ACTIVITY →
Below are entries; repeat exactly, and nothing else, the lines from the one holding "un second WC." through the one holding "These wooden double", inclusive. Leave the pictures out.

DATA SHOWN →

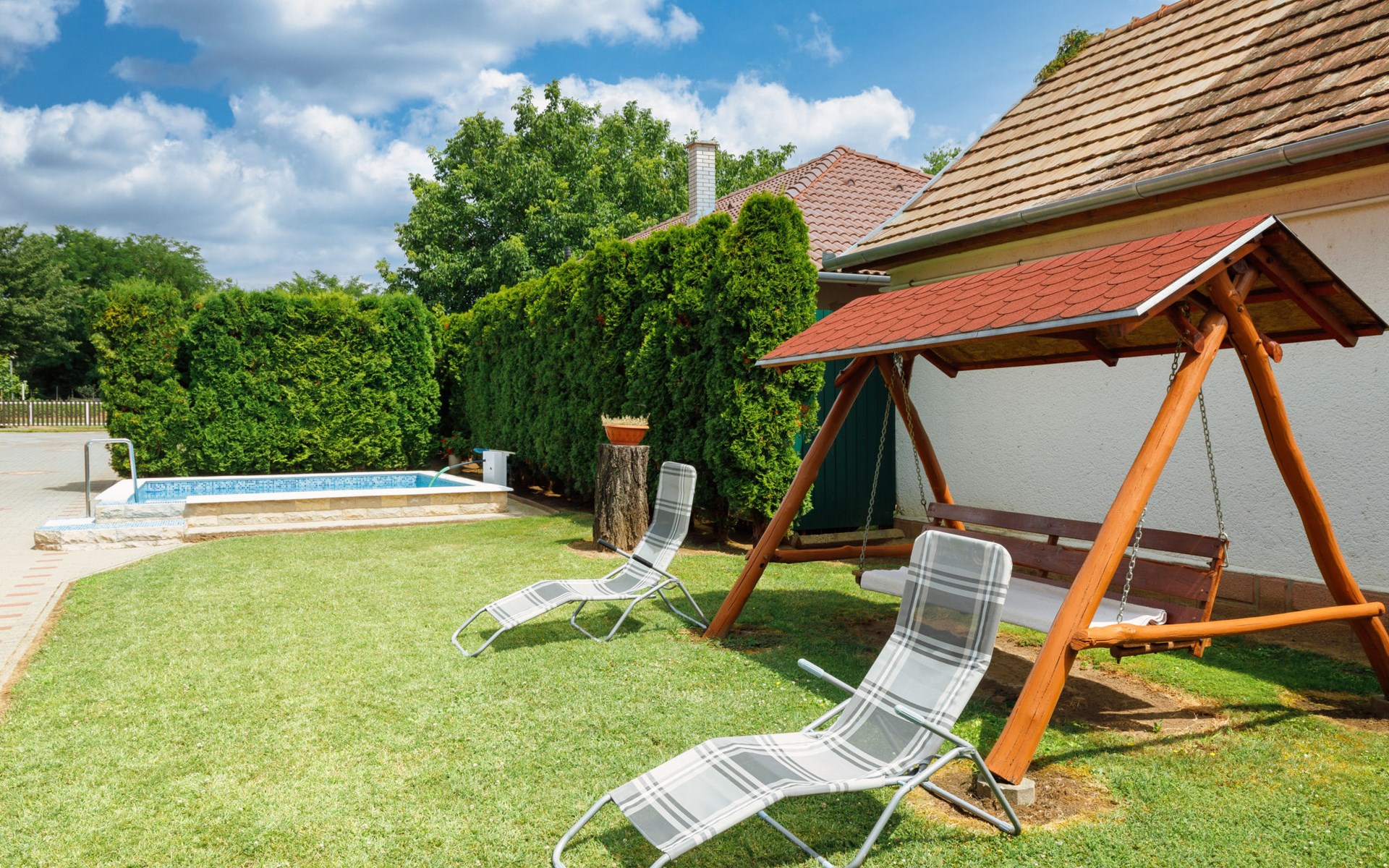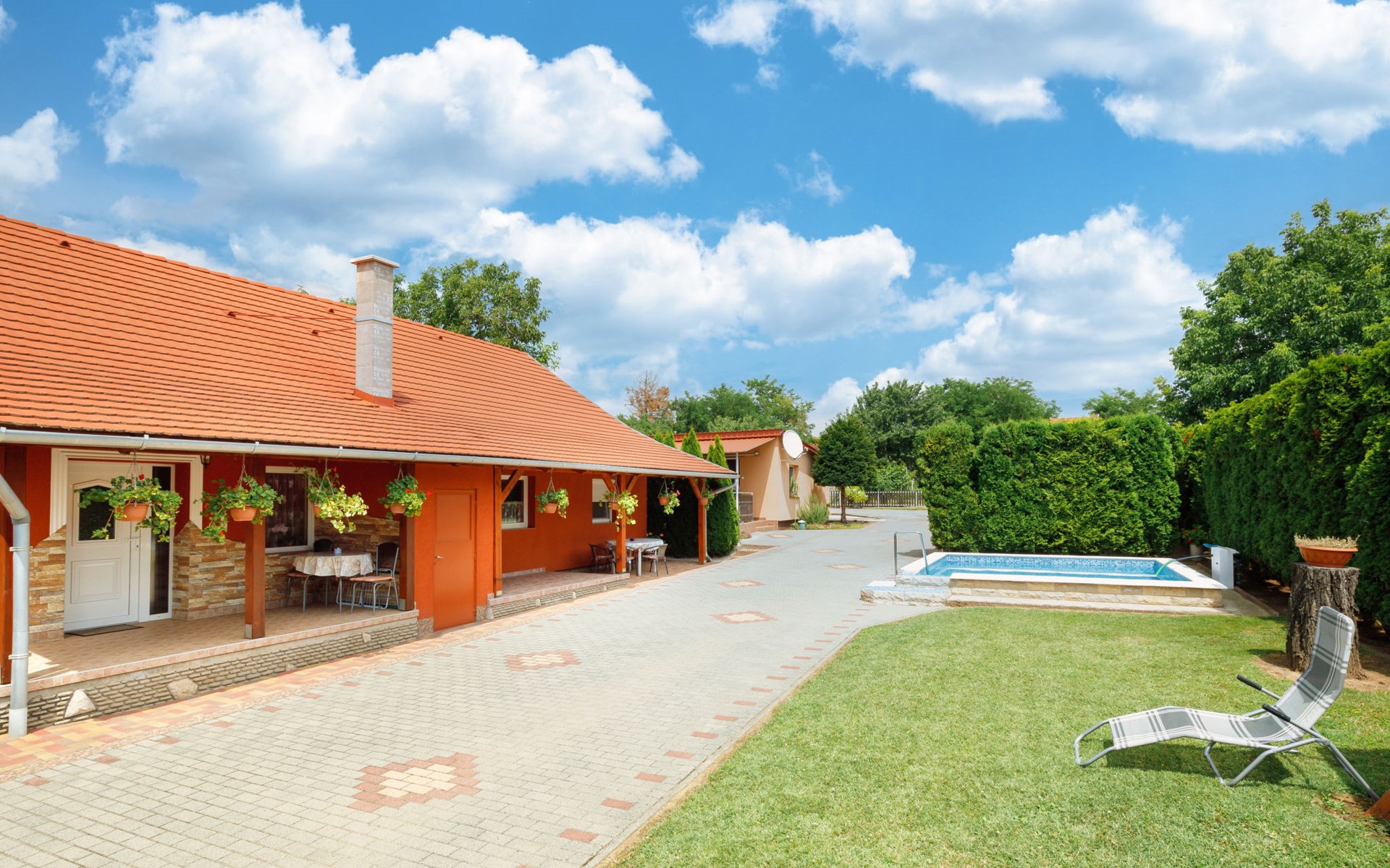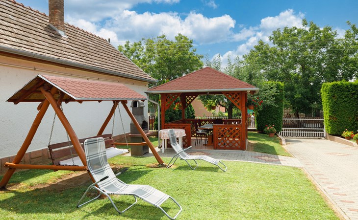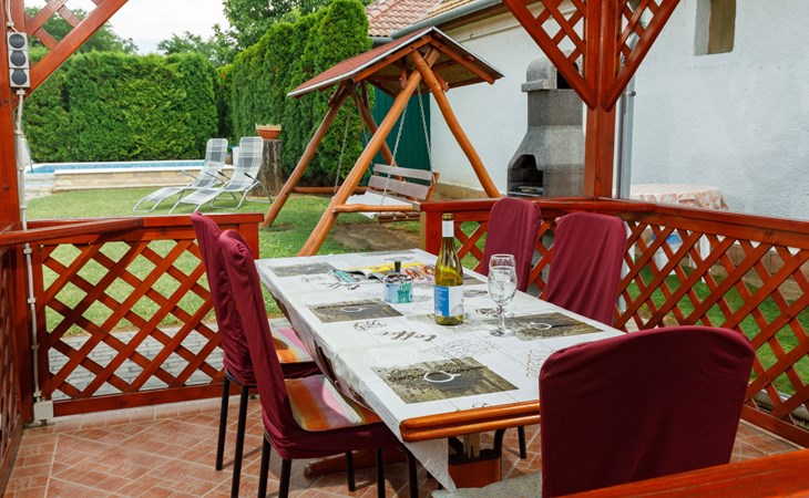Balatonszárszó 12 km van Balatonlelle: Comfortabel Huis met 2 woningen "Brigi". In een woonwijk, 1 km van het meer, 1 km van het strand. Voor medegebruik: terrein 2.000 m2 (omheind) met gazon en bomen. Voor alleengebruik: openluchtzwembad (4 x 4 m, 100 cm diepte, seizoensgebonden beschikbaarheid: 15.Mei. - 30.Sep.). Patio, prieel, overdekte parkeerplaats (voor 2 auto's) op het terrein. Levensmiddelenwinkel 150 m, restaurant 400 m, café 1 km, grasstrand 1 km, thermaalbad "Igal" 44 km. Tennis 1.8 km, fietspad 1 km, kinderspeelplaats 1 km. Attracties in de buurt: Siófok Giant Wheels 27 km, Kereki Dinosaur Park 14 km, Siófok Aquapark 29 km, Bella Zoo Siófok 24 km, Hévíz Thermal Bath 61 km, Ferry Szántód 9 km. Geschikt voor families. De eigenaar woont op hetzelfde terrein.
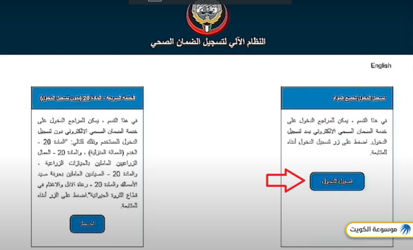 - الذهاب إلى النظام الآلي لتسجيل الضمان الصحي “من هنا“.
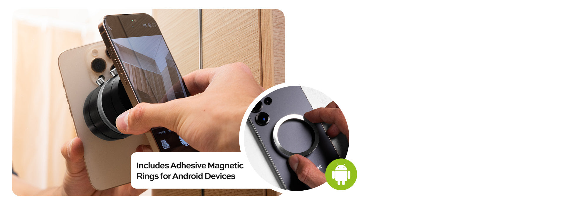 Apple MagSafe & Android Compatible. Built-in Apple MagSafe compatibility. For Android and Apple phones without MagSafe, the HyperMount comes with 2 magnetic ring adapters.
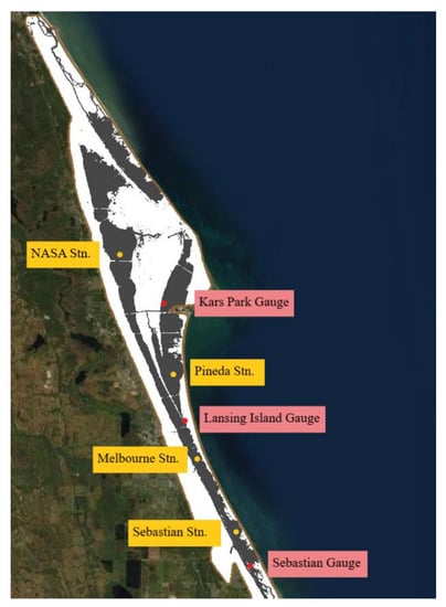 Water elevations averaged across all sets of estuarine stage forecast models were evaluated with data from in-situ measurements from Onset Hobo U20–001–01 pressure sensors []. Hobo sensors were deployed at the indicated gauge locations, Figure 8, for cycles lasting 1–3 months. The instruments were deployed by mounting them at the base of pilings under approved fishing and boat piers. While deployed, the sensors recorded temperature, water pressure, barometric pressure, and computed water levels in 5-min intervals.
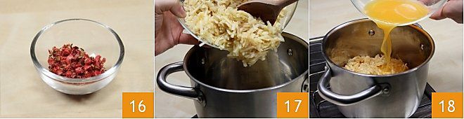 finally add the pink pepper, both the chopped and the whole peppercorns 19. These steps should be done with the heat off. In a bowl, place 500 grams of granulated sugar and add 1 packet of Fruttapec 2:1 20, then mix the two ingredients with a spoon 21.
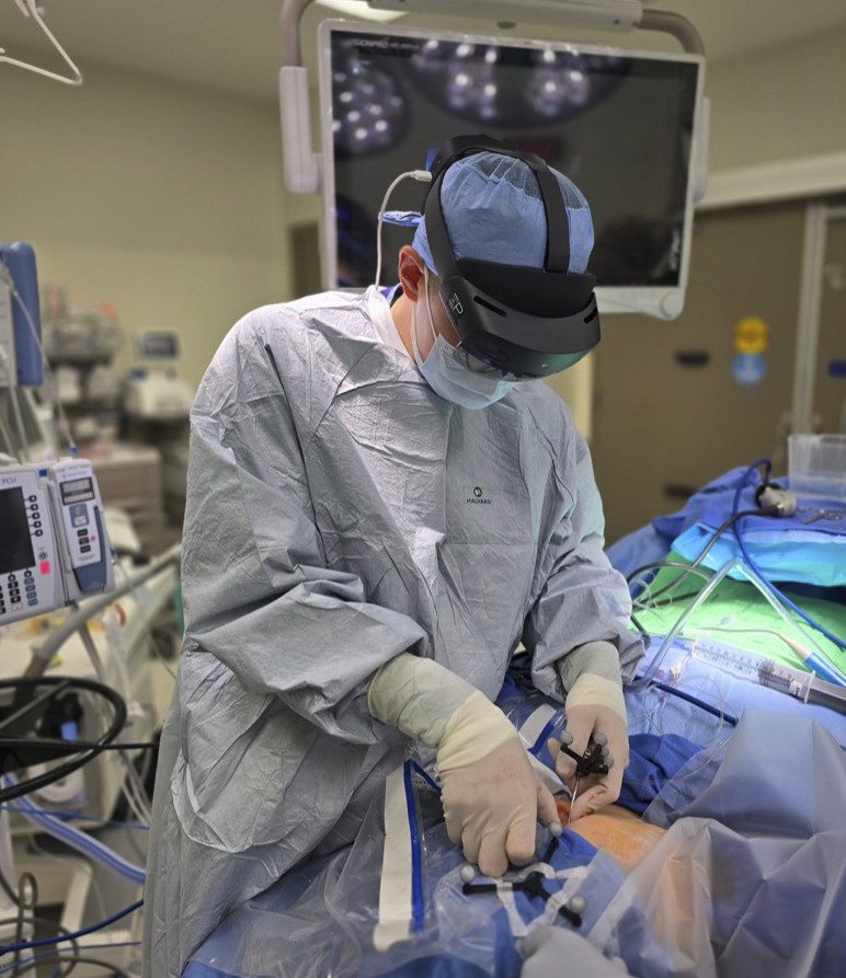 With FDA-cleared IntraOpVSP, patient data translates from two-dimensional TV screens and monitors into three-dimensional extended reality to provide a heads-up reference during surgery.
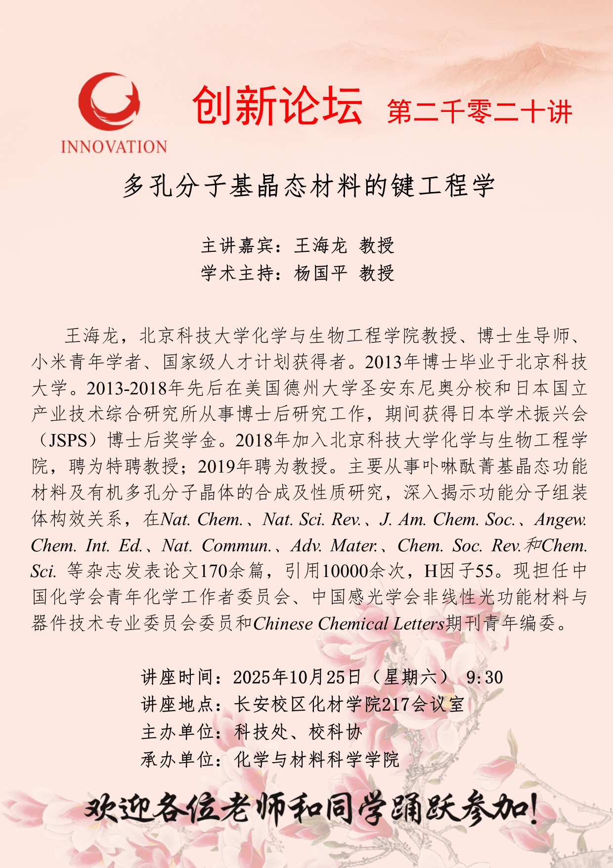 王海龙 教授 MILAN.COM创新论坛第二千零二十讲:多孔分子基晶态材料的键工程学 讲座时间 2025年10月25日(星期六) 9:30 讲座地点 长安校区化材学院217会议室 讲座人介绍 王海龙 教授 讲座内容
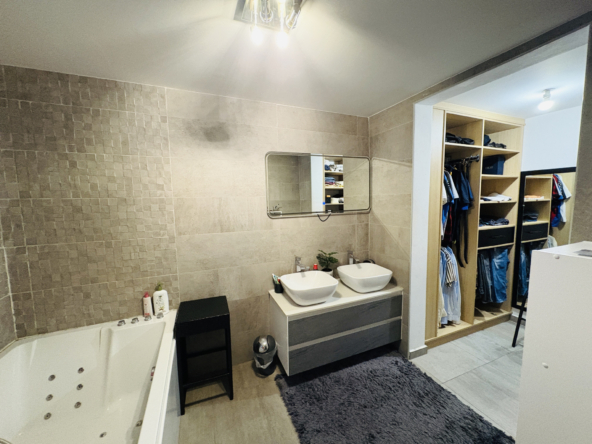 – Au R-1 un dégagement desservant une salle d’eau individuelle, 3 chambres dont une en suite parentale avec dressing et salle de bain et un second WC.
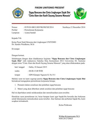 Dokumen ini adalah permohonan kerjasama untuk kegiatan 'sigap bencana dan cinta lingkungan sejak dini' yang akan dilaksanakan oleh mahasiswa Fakultas Ilmu Komunikasi Universitas Dr. Soetomo pada 10 Januari 2015. Kegiatan ini bertema 'cinta alam dan kasih sayang sesama manusia' dan memerlukan pemateri serta materi pelatihan. Panitia mengharapkan kerjasama dari Ketua Pusat Studi Bencana dan Lingkungan Unitomo.
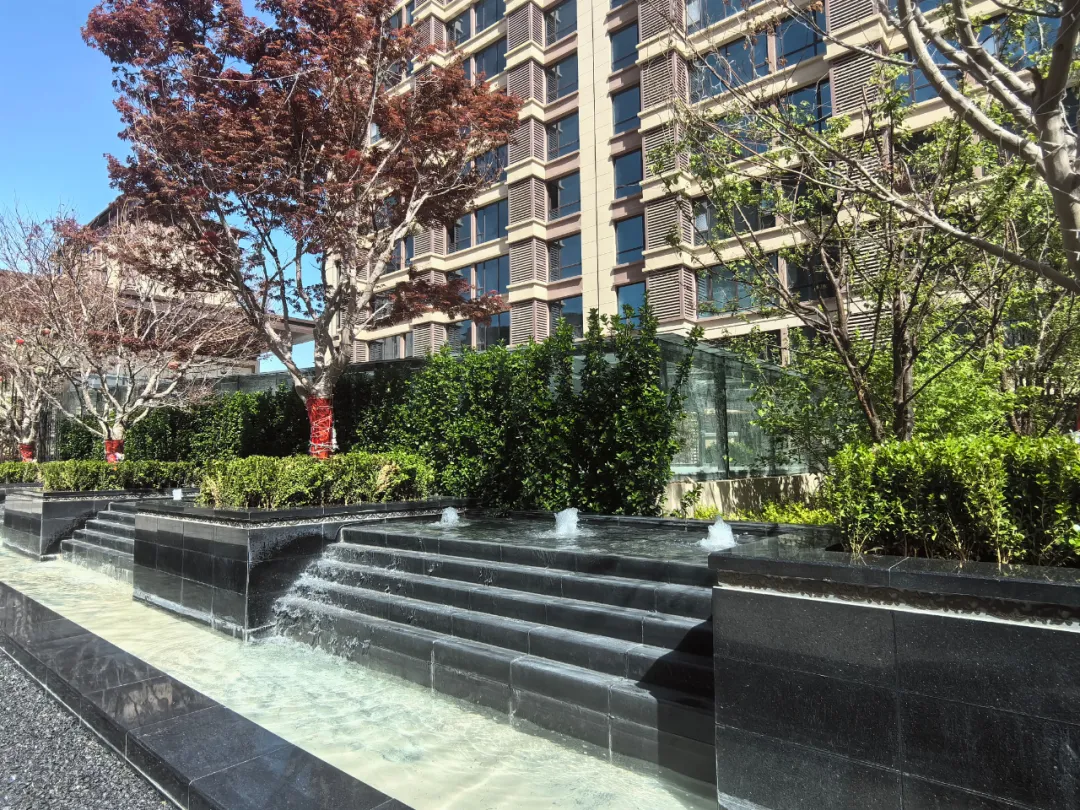 小区以轴线和开敞空间构成层次丰富的空间序列,收放交错,开合有致,采用轴线、纵横、高低、隐置、对景法, 使小区内各点互为借衬,有机和谐,烘托出尊贵、典雅的小区气氛。 结合36-57米的超大楼间距,打造带状楼间绿化组团,保证每栋楼的 观景视线。植物配置四季长青,三季有花,月月有景,景景宜人。
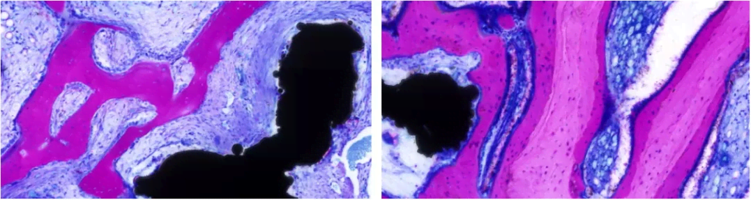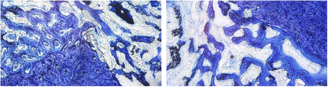 圖4 兔股骨植入(甲苯胺藍(lán)染色)
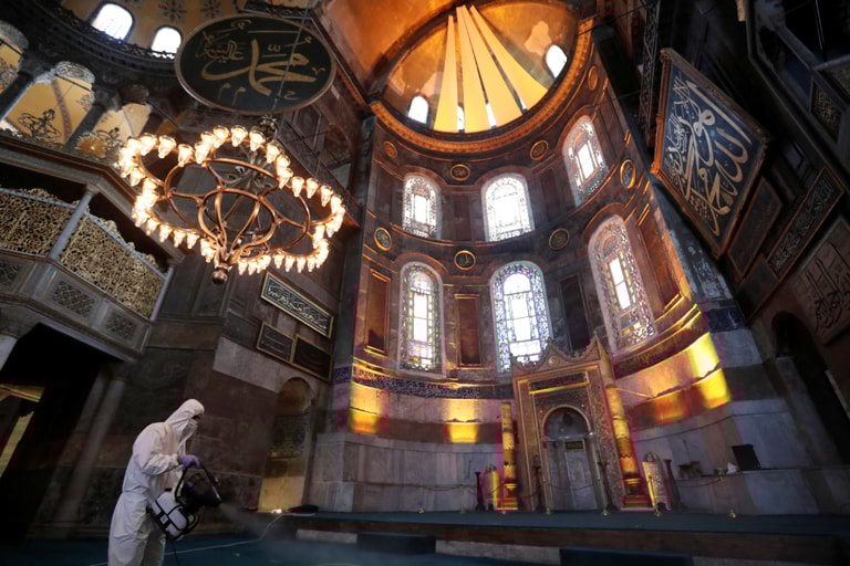 在位於伊斯坦堡的聖索菲亞清真寺(Hagia Sophia Grand Mosque),防疫人員在宰牲節(Eid al-Adha)前夕全副武裝消毒建築物內外。
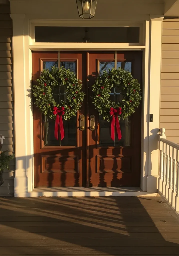 These wooden double doors bring warmth and elegance to the porch, especially with their matching holly wreaths tied with bright red velvet bows. The golden sunlight highlights the glossy green leaves and berries, creating a festive glow that feels welcoming and full of joy.
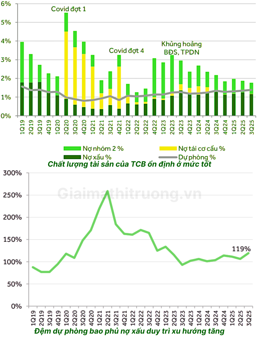 • Tỷ lệ bao phủ nợ xấu (LLR) tăng lên khoảng 119% cuối quý 3/2025. Dù chưa hồi phục đệm dự phòng dày như giai đoạn Covid, nhưng vẫn thuộc nhóm top đầu ngành và vượt xa mức trung bình khoảng 84% của hệ thống. Điều này cho TCB một “vùng đệm” để nếu chu kỳ xấu đi, ngân hàng vẫn còn dư địa tăng trích lập mà không làm lệch hướng quỹ đạo lợi nhuận.
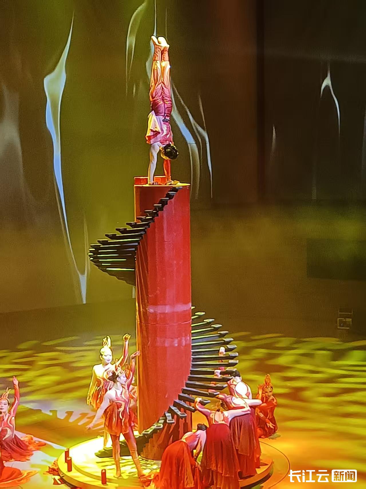 演出在黄冈市(浠水)杂技团气势恢宏的《舞狮》中拉开序幕。演员们在高桩之上腾挪跳跃,将雄狮的威武与灵动展现得淋漓尽致,瞬间点燃全场气氛。随后,山东聊城市杂技团的《俑·顶碗》以文物陶俑为灵感,用高超的顶技让沉睡千年的历史形象“活”了起来,实现了古老文化与现代杂技的巧妙对话。

WRITTEN RESPONSE →
 – Au R-1 un dégagement desservant une salle d’eau individuelle, 3 chambres dont une en suite parentale avec dressing et salle de bain et un second WC.
 Dokumen ini adalah permohonan kerjasama untuk kegiatan 'sigap bencana dan cinta lingkungan sejak dini' yang akan dilaksanakan oleh mahasiswa Fakultas Ilmu Komunikasi Universitas Dr. Soetomo pada 10 Januari 2015. Kegiatan ini bertema 'cinta alam dan kasih sayang sesama manusia' dan memerlukan pemateri serta materi pelatihan. Panitia mengharapkan kerjasama dari Ketua Pusat Studi Bencana dan Lingkungan Unitomo.
 小区以轴线和开敞空间构成层次丰富的空间序列,收放交错,开合有致,采用轴线、纵横、高低、隐置、对景法, 使小区内各点互为借衬,有机和谐,烘托出尊贵、典雅的小区气氛。 结合36-57米的超大楼间距,打造带状楼间绿化组团,保证每栋楼的 观景视线。植物配置四季长青,三季有花,月月有景,景景宜人。
 圖4 兔股骨植入(甲苯胺藍(lán)染色)
 在位於伊斯坦堡的聖索菲亞清真寺(Hagia Sophia Grand Mosque),防疫人員在宰牲節(Eid al-Adha)前夕全副武裝消毒建築物內外。
 These wooden double doors bring warmth and elegance to the porch, especially with their matching holly wreaths tied with bright red velvet bows. The golden sunlight highlights the glossy green leaves and berries, creating a festive glow that feels welcoming and full of joy.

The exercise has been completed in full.